RecordAccumulator中的append方法用於把record新增到累加器中，並返回累加的結果。

首先它檢查是否有一個在處理的batch。如果有，直接嘗試增加序列化後的record到累加器中。如果沒有，則建立一個帶有緩衝區的新的batch，然後嘗試增加序列化後的record到batch中的緩衝區內，接著增加batch到佇列中。最終返回累加的結果。

    public RecordAppendResult append(TopicPartition tp,
                                     long timestamp,
                                     byte[] key,
                                     byte[] value,
                                     Header[] headers,
                                     Callback callback,
                                     long maxTimeToBlock) throws InterruptedException {
        // We keep track of the number of appending thread to make sure we do not miss batches in
        // abortIncompleteBatches().
        appendsInProgress.incrementAndGet();
        ByteBuffer buffer = null;
        if (headers == null) headers = Record.EMPTY_HEADERS;
        try {
            // check if we have an in-progress batch
            Deque<ProducerBatch> dq = getOrCreateDeque(tp);
            synchronized (dq) {
                if (closed)
                    throw new IllegalStateException("Cannot send after the producer is closed.");
                RecordAppendResult appendResult = tryAppend(timestamp, key, value, headers, callback, dq);
                if (appendResult != null)
                    return appendResult;
            }

            // we don't have an in-progress record batch try to allocate a new batch
            byte maxUsableMagic = apiVersions.maxUsableProduceMagic();
            int size = Math.max(this.batchSize, AbstractRecords.estimateSizeInBytesUpperBound(maxUsableMagic, compression, key, value, headers));
            log.trace("Allocating a new {} byte message buffer for topic {} partition {}", size, tp.topic(), tp.partition());
            buffer = free.allocate(size, maxTimeToBlock);
            synchronized (dq) {
                // Need to check if producer is closed again after grabbing the dequeue lock.
                if (closed)
                    throw new IllegalStateException("Cannot send after the producer is closed.");

                RecordAppendResult appendResult = tryAppend(timestamp, key, value, headers, callback, dq);
                if (appendResult != null) {
                    // Somebody else found us a batch, return the one we waited for!
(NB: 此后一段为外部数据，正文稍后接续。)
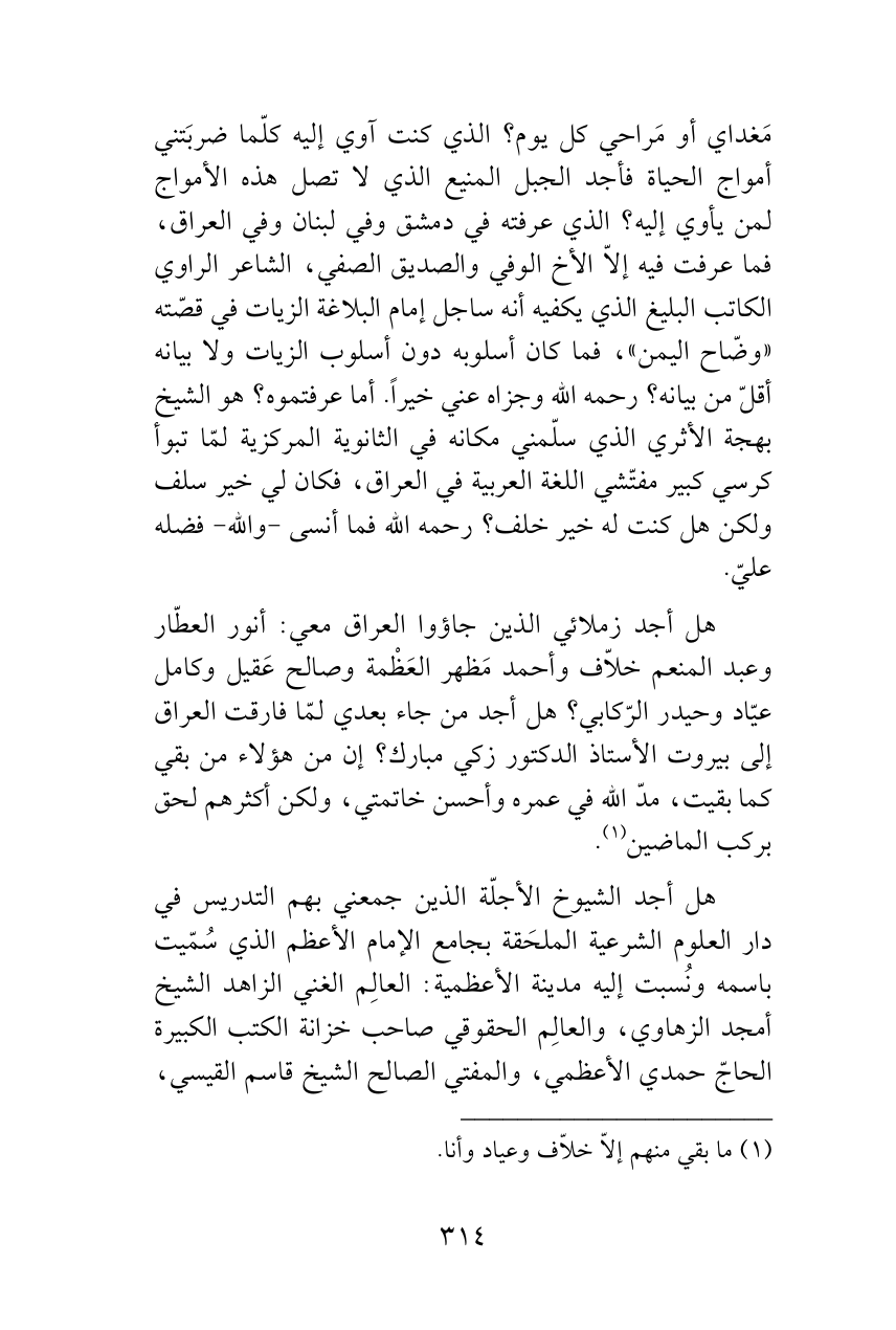 هل أجد زملائي الذين جاؤوا العراق معي: أنور العطّار وعبد المنعم خلاّف وأحمد مَظهر العَظْمة وصالح عَقيل وكامل عيّاد وحيدر الرّكابي؟ هل أجد من جاء بعدي لمّا فارقت العراق إلى بيروت الأستاذ الدكتور زكي مبارك؟ إن من هؤلاء من بقي كما بقيت، مدّ الله في عمره وأحسن خاتمتي، ولكن أكثرهم لحق بركب الماضين (¬1).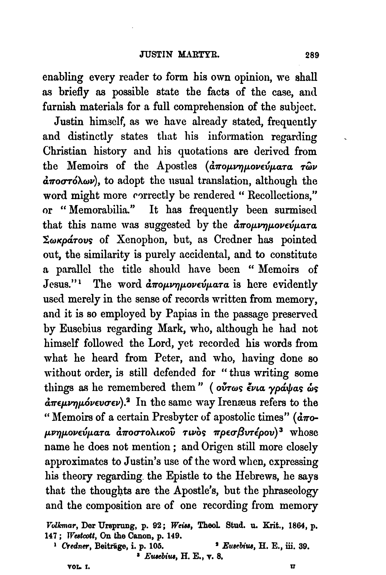 Before proceeding to speak more directly of the three writers under discussion, it may be well to glance a little at the procedure of Eusebius, and note, for those who care to go more closely into the matter, how he fulfils his promise to record what the Fathers have to tell about the Gospels. I may mention, in the first place, that Eusebius states what he himself knows of the composition of the Gospels and other canonical works.(1) Upon two occasions he quotes the account which Clement of Alexandria gives of the composition of Mark's Gospel, and also cites his statements regarding the other Gospels.(2) In like manner he records the information, such as it is, which Irenæus has to impart about the four Gospels and other works,(3) and what Origen has to say concerning them.(4) Interrogating extant works, we find in fact that Eusebius does not neglect to quote anything useful or interesting regarding these books from early writers. Dr. Lightfoot says that Eusebius "restricts himself to the narrowest limits which justice to his subject will allow," and he illustrates this by the case of Irenæus. He says: "Though he (Eusebius) gives the principal passage in this author relating to the Four Gospels (Irenæus, Ady. ILer. iii. 1, 1) he omits to mention others which contain interesting statements directly or indirectly affecting the question, e.g. that St. John wrote his Gospel to counteract the errors of Cerinthus and the Nicolaitans (Irenæus, Adv. Hær. iii. 11, 1)." I must explain, however, that the "interesting statement" omitted, which is not in the context of the part quoted, is not advanced as information derived from any authority, but only in the course of argument, and there is nothing to distinguish it from mere personal opinion, so that on this ground Eusebius may well have passed it over. Dr. Lightfoot farther says: "Thus too when he quotes a few lines alluding to the unanimous tradition of the Asiatic Elders who were acquainted with St. John,(6) he omits the context, from which we find that this tradition had an important bearing on the authenticity of the fourth Gospel, for it declared that Christ's ministry extended much beyond a single year, thus confirming the obvious chronology of the Fourth Gospel against the apparent chronology of the Synoptists."(7) Nothing, however, could be further from the desire or intention of Eusebius than to represent any discordance between the Gospels, or to support the one at the expense of the others. On the contrary, he enters into an elaborate explanation in order to show that there is no discrepancy between them, affirming, and supporting his view by singular quotations, that it was evidently the intention of the three Synoptists only to write the doings of the Lord for one year after

Hopefully this doesn't happen often...
                    return appendResult;
                }

                MemoryRecordsBuilder recordsBuilder = recordsBuilder(buffer, maxUsableMagic);
                ProducerBatch batch = new ProducerBatch(tp, recordsBuilder, time.milliseconds());
                FutureRecordMetadata future = Utils.notNull(batch.tryAppend(timestamp, key, value, headers, callback, time.milliseconds()));

                dq.addLast(batch);
                incomplete.add(batch);

                // Don't deallocate this buffer in the finally block as it's being used in the record batch
                buffer = null;

                return new RecordAppendResult(future, dq.size() > 1 || batch.isFull(), true);
            }
        } finally {
            if (buffer != null)
                free.deallocate(buffer);
            appendsInProgress.decrementAndGet();
        }
    }

真正傳送record到叢集的的類是Sender類，它是一個bachground thread。它在run方法中呼叫sendProducerData方法。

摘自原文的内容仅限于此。